SpaceX Falcon 9 rocket returns to Space Coast
Rocket sent Dragon capsule to space station
PORT CANAVERAL, Fla. – The first stage of a SpaceX Falcon 9 rocket that launched on Friday has returned to the Space Coast.
SpaceX confirmed the booster's early morning arrival at Port Canaveral on its official Twitter and Instagram accounts around 2:30 a.m. Tuesday. In a photo, the charred first stage of the rocket stands tall on the "Of Course I Still Love You" autonomous ship near the port's 273-foot-tall cranes.
[PICS: SpaceX rocket launch, landing ]
The Falcon 9 rocket launched from Cape Canaveral Air Force Station at 4:43 p.m. Friday, carrying a Dragon capsule to the International Space Station.

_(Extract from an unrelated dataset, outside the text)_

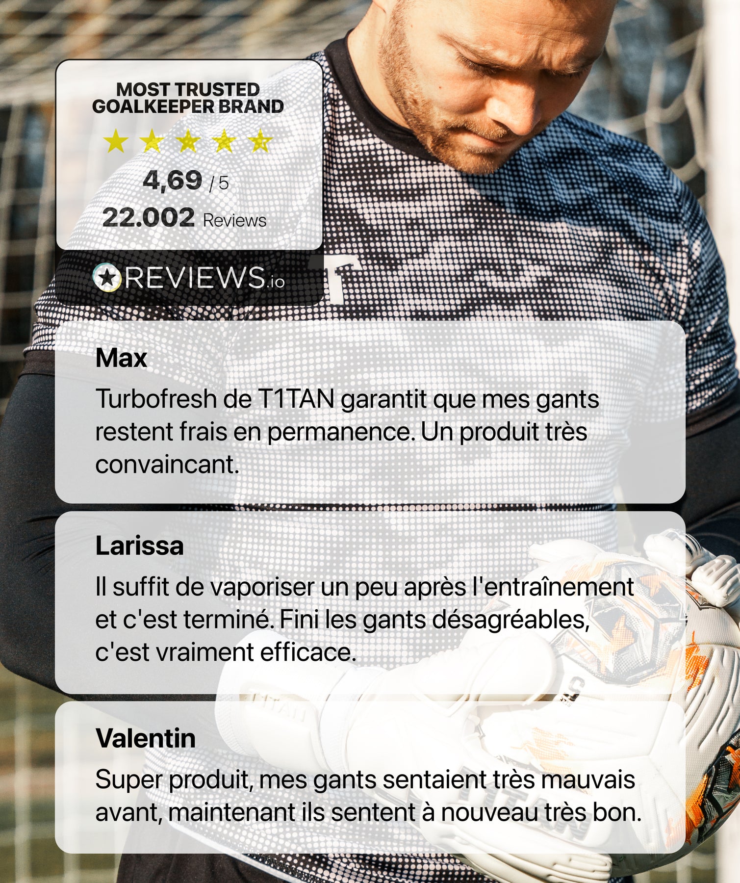 Mains moites, entraînements intenses, nombreux matchs : en tant que gardien, tu connais bien le problème. Tôt ou tard, même tes gants préférés commencent à dégager une odeur désagréable. Avec TURBOFRESH, tu évites que cela n’arrive et gardes tes gants frais, propres et hygiéniques à l’intérieur.

About 10 minutes later, the first stage landed -- and amazingly remained upright -- on the ship stationed more than 200 miles down range in the Atlantic Ocean.

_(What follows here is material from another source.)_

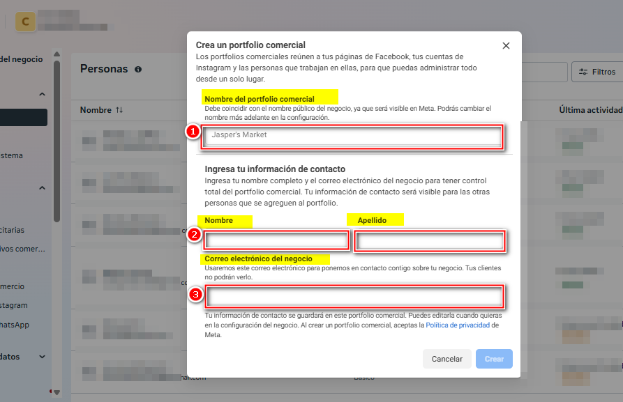 Pasos para crear un portafolio comercial en meta

It was the first time SpaceX succeeded in landing a rocket stage at sea, after four previous tries came close but ended with the stage crashing or tipping over, News 6 partner Florida Today reported.
A Falcon 9 booster landed on a pad at Cape Canaveral Air Force Station in December. But roughly half of SpaceX's missions cannot return to land because of their speed and trajectory, so sticking a water landing was a big step toward showing the company can recover more rockets for reuse.
Once it arrives in port, SpaceX plans to lift the 14-story rocket stage off the boat with a crane and set it on a stand, before it is transported to a hangar for inspections.
If it is in good enough conditions, SpaceX hopes to test-fire the booster's nine Merlin engines multiple times and try to launch it for a second time, possibly as soon as June, Musk said.